Thursday, 1 August 2013

nobody is who they seem



White rabbits.

Apparently, it is a common superstition amongst some to say ‘white rabbits’ on the first of the month. Or more specifically, ‘white rabbits, white rabbits, white rabbits’ must be the very first phrase uttered on the first day of the month should you wish to convince the gods of good luck that you are deserving of their favour for the 28, 29, 30 or 31 days which ensue. Theories on where this phrase originated seem to vary.

Last night I went to White Rabbit, Red Rabbit, a play by Nassim Soleimanpour at The Malthouse Theatre. This morning, the first day of a new month, I awoke with my head filled with thoughts about white rabbits. Will that bring me luck?

The first thing I thought of when I heard the title of this play, was the character in Alice in Wonderland. The waist-coated and pocket-watched white rabbit who leads Alice down the tunnels and onto a quest for adventure and understanding. He disappears and reappears as needed to provide clues or time-checks. Would this play be about a foray into wonderland?

The play is certainly a journey. For the playwright, the actor and the audience. And it is blatantly intended as such. Despite a conspiratorial lack of information about the play, the blurbs do all mention the fact that Nassim Soleimanpour, denied a passport as a result of his refusal to participate in Iran’s compulsory military service, wrote the play as a means to travel the world. He couldn’t travel, but his play could. And the nature of his play, the writer’s words spoken through the mouthpiece of the actor, allows him to do so.

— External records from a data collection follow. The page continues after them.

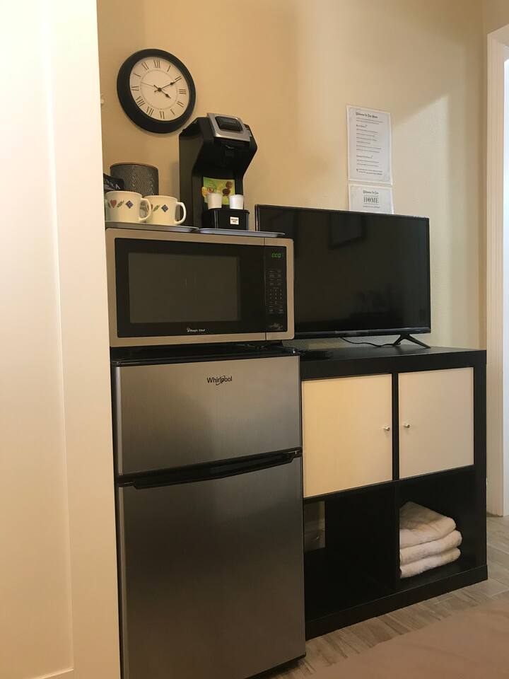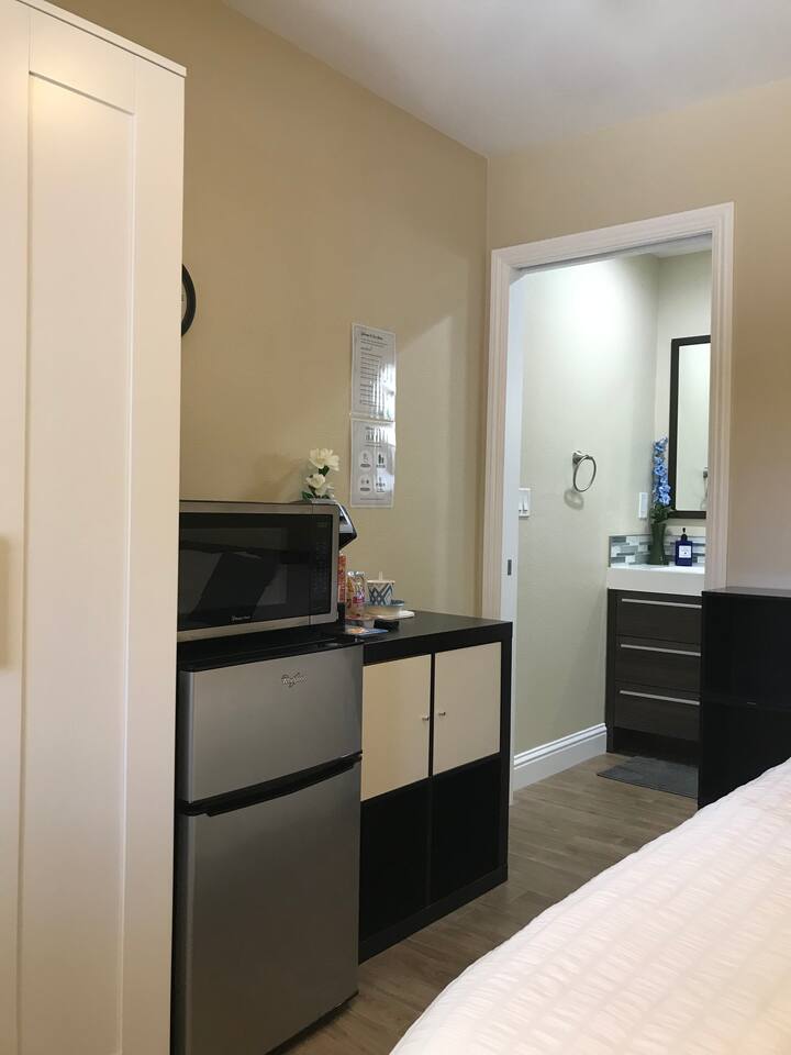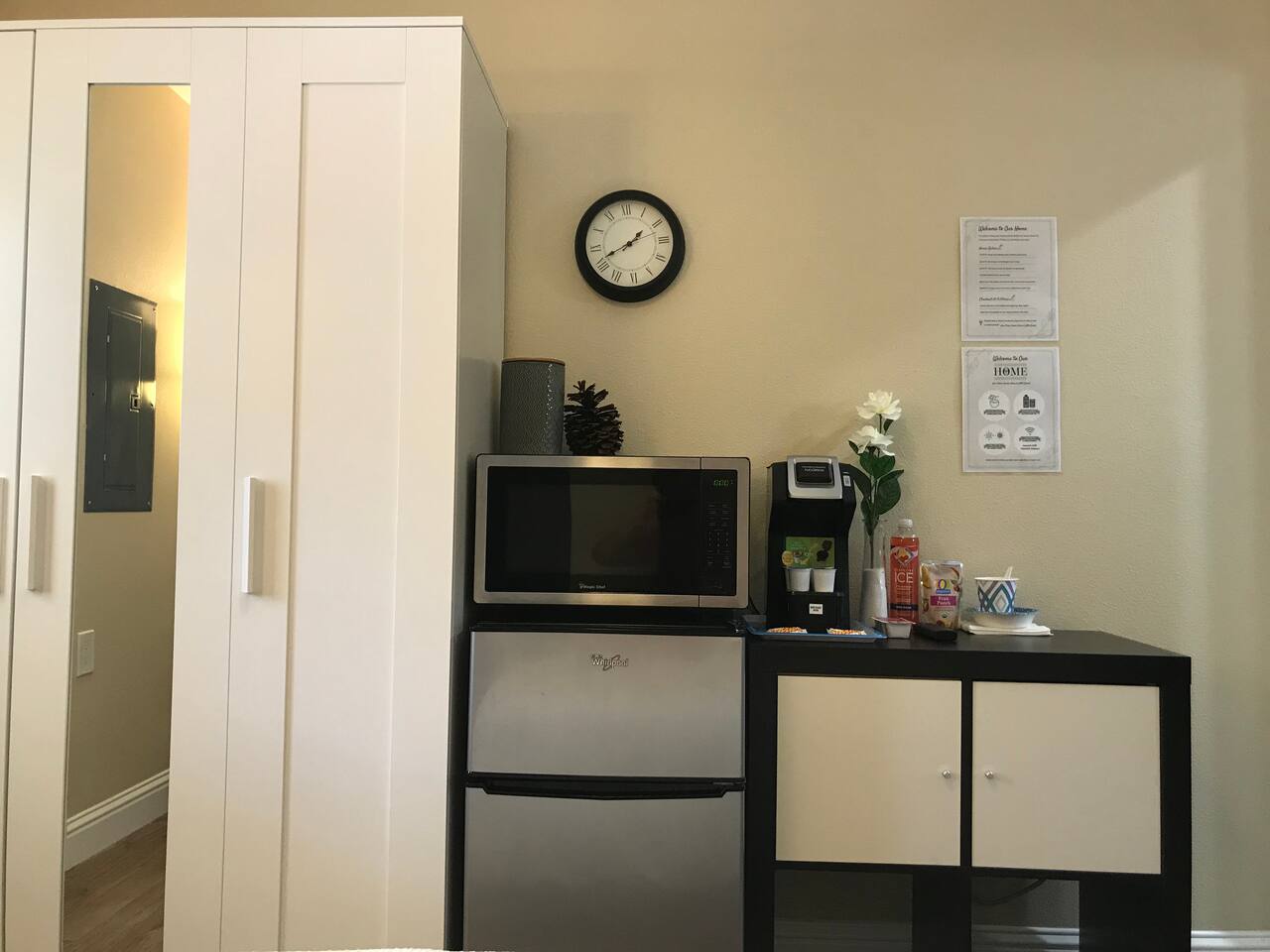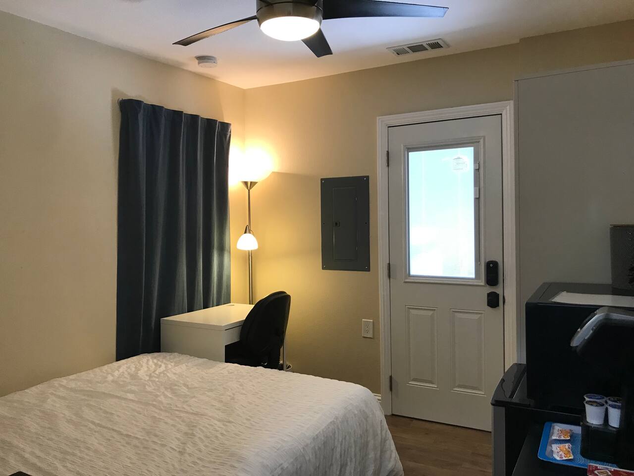 Welcome to our renovated guest suite (it is attached to the main house) facing our amazing courtyard surrounded by fruit trees. The measurement of the suite is 14’10” x 9’5”, but it has its own private entrance through the courtyard (nothing is shared), luxurious oversized bathroom with travertine tile, Sealy Posturepedic Queen size bed, workspace, wardrobe, AC, brand new smart TV, fast mesh network WiFi (~120Mbps), Whole House Premium Water (drinkable water drink any tap), fridge, microwave, K-cup / coffee brewer, water filter pitcher, etc. Your bathroom is fully equipped with fresh towels and toiletries for your use. While we do vacuum and mop the floor every single time, but we don’t require guests / cleaning crews to take off their shoes while in the suite. Therefore, we don’t recommend going barefoot in the suite. You will be able to self check-in, but please confirm your reservation and checkin instruction beforehand, especially when you plan to checkin really late - we might be at sleep. An unique virtual key will be generated automatically for the duration of your stay. The key will be valid starting at 3:00pm of the check-in date and expired at 11:00am on the check-out date. To ensure we have a safe and secure place for everyone staying with us. Your door will be automatically locked in 30 seconds. The property is equipped with video surveillance 24/7. Make sure to put down the correct number of guest who will be staying with you in the reservation and informed us through Airbnb app who will be visiting you during your stay in advanced. Any unsolicited visitors will be considered trespassing, thanks for your understanding!
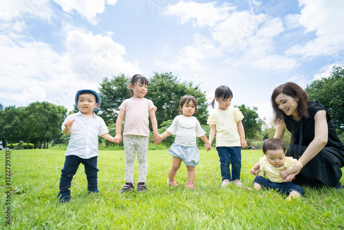 © TAGSTOCK2, Obraz premium 青空の下、元気に走る子供たち
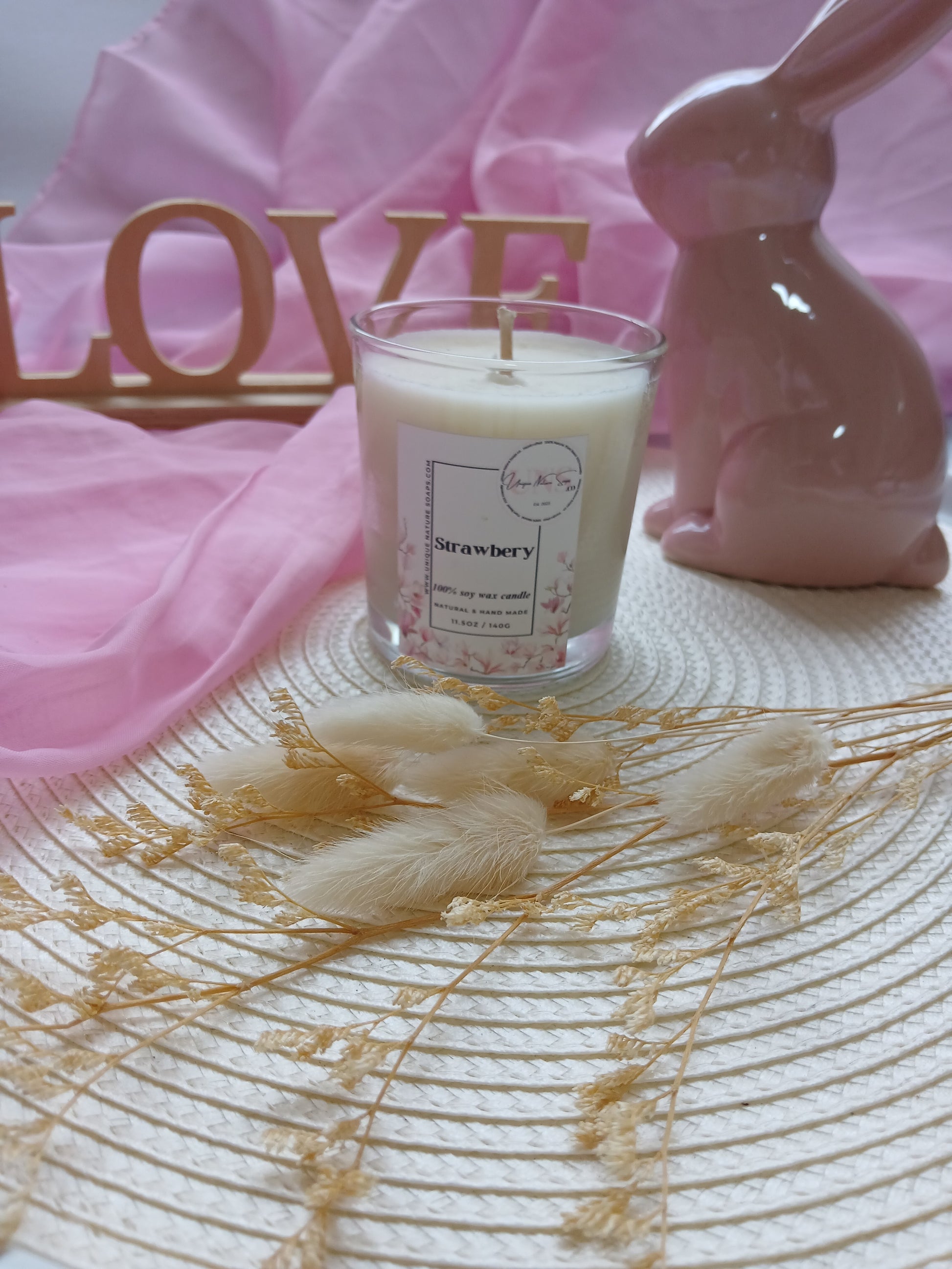 Soya wax, strawberry clean scent oil.
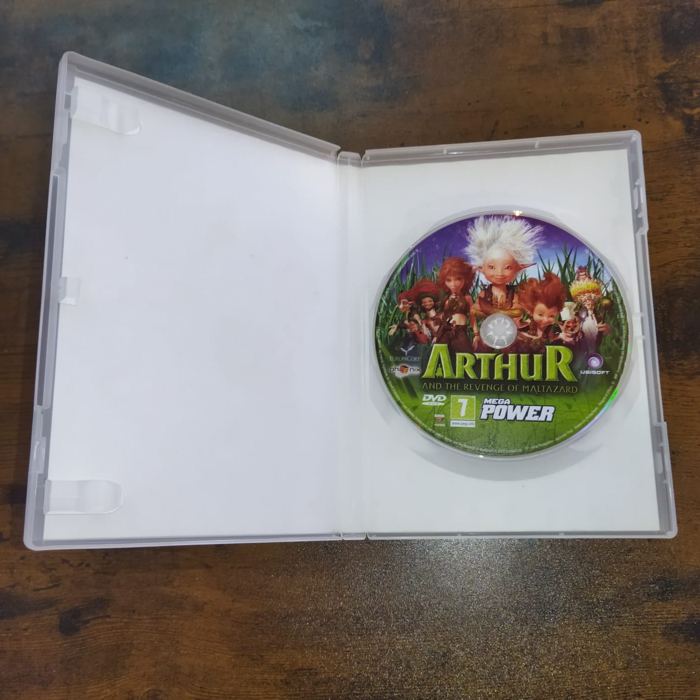 • Estojo branco aberto com disco de filme ou jogo de animação chamado ARTHUR AND THE REVENGE OF MALTAZARD.
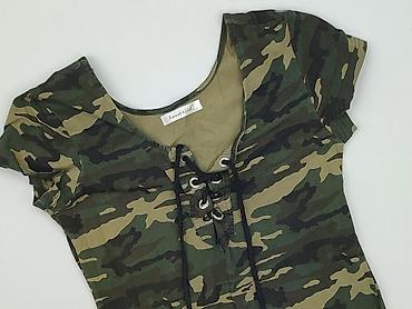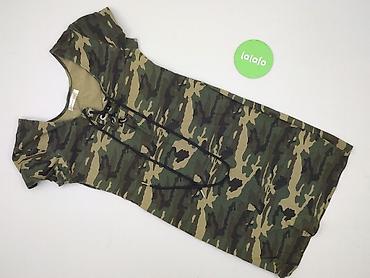 Sukienka damska w militarny wzór camo - Krój: dopasowana, prosta, z długim rękawem i okrągłym dekoltem - Długość: przed kolano (mini) - Rozmiar: M (metka na zdjęciu) - Materiał: miękki, elastyczny...
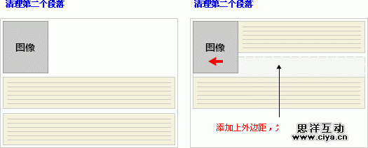 为了实现这种效果,在被清理的元素的上外边距上添加足够的空间,使元素的顶边缘垂直下降到浮动框下面:
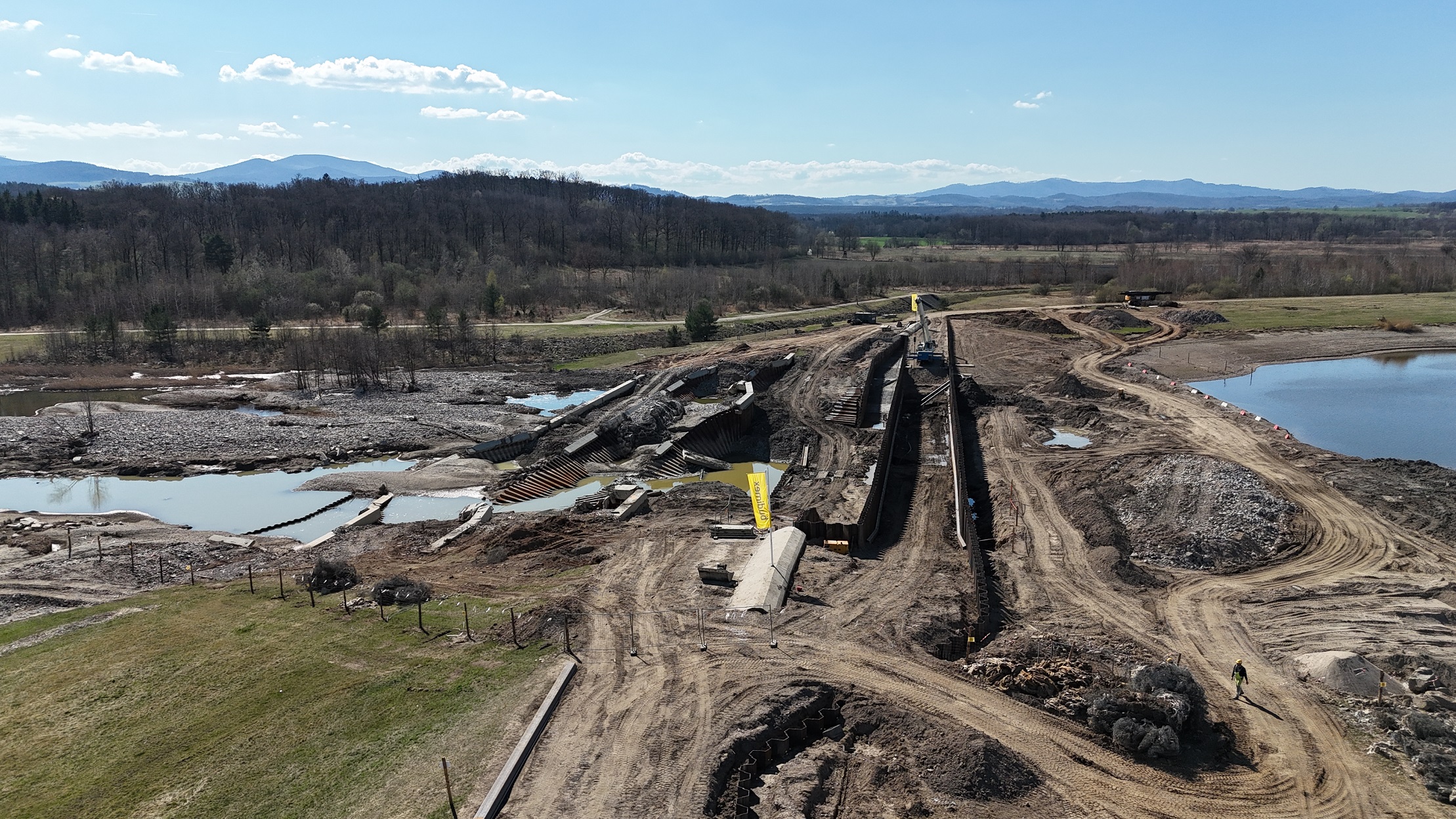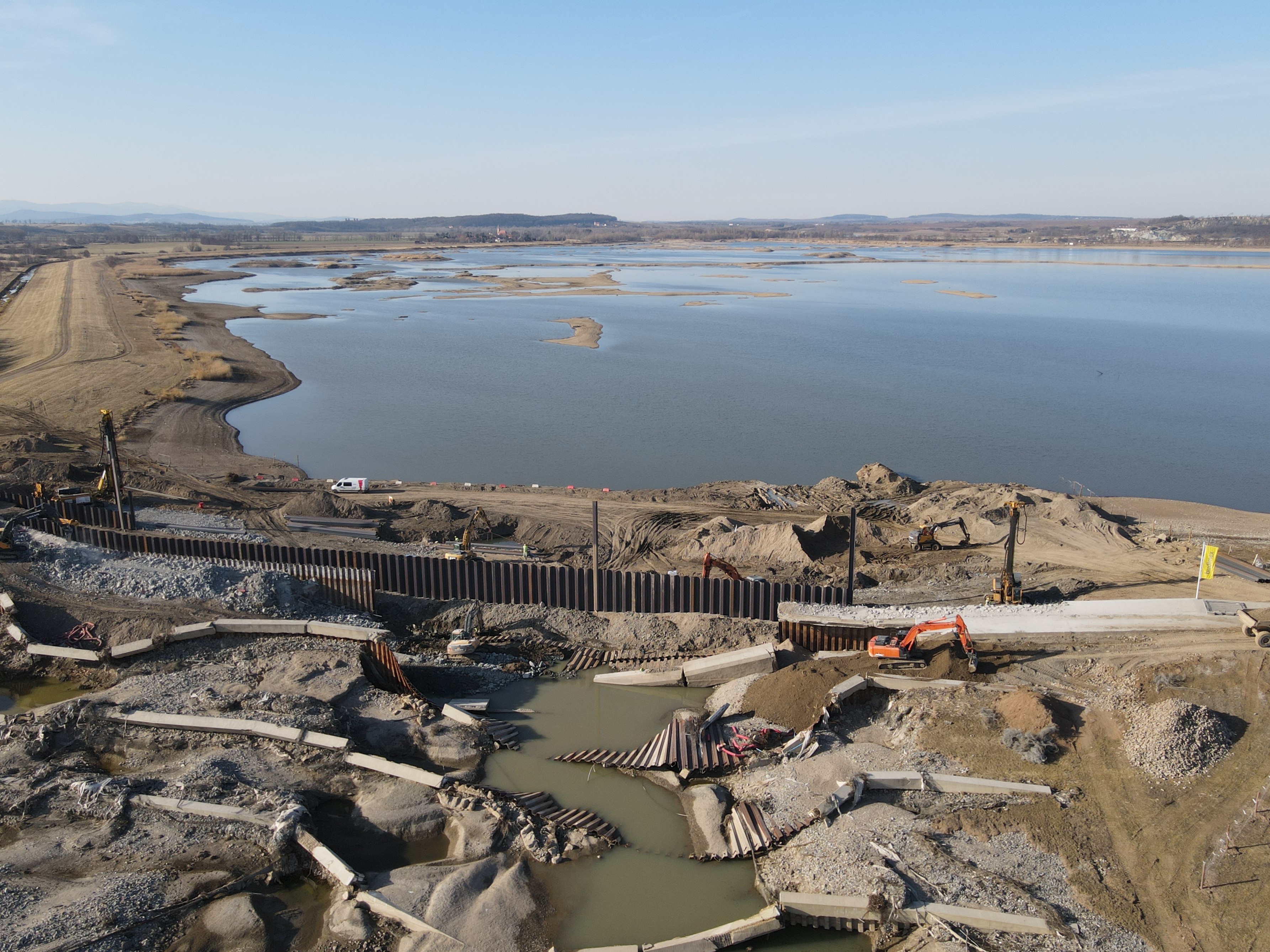 W ubiegłym tygodniu kontynuowana była rozbudowa platformy technologicznej oraz nasypu pod platformę roboczą w śladzie planowanej kaszycy. Montowane są specjalne stalowe elementy wzmacniające konstrukcję zapory. Trwa scalanie ich za pomocą ściągów, które dodatkowo zwiększą stabilność. Od strony zbiornika wykonywany jest nasyp. Na miejscu cały czas pracuje sprzęt wraz z obsługą – koparki, palownice, dźwigi, wozidła i walec oraz podnośnik koszowy.

The twist in this play, or in its delivery, is that the actor has never seen the script before they walk onto the stage and open the sealed envelope. At every performance, a new actor performs a cold reading of Nassim’s stream-of-consciousness storytelling. Since 2010, for an hour at a time, Nassim has been in theatres and festivals in cities all over the world. And we, the audience also travel. Nassim provides us with a brief insight into his life. We can almost taste the sour oranges from the tree outside Nassim’s window in Shiraz and we travel vast distances in our minds, seeking to sort through the allegory, the self-reflection, the questions of life and death, the idea of past and future and the deconstruction of the linear gulf that separates these to formulate our own response to the concepts that are slowly unveiled before us.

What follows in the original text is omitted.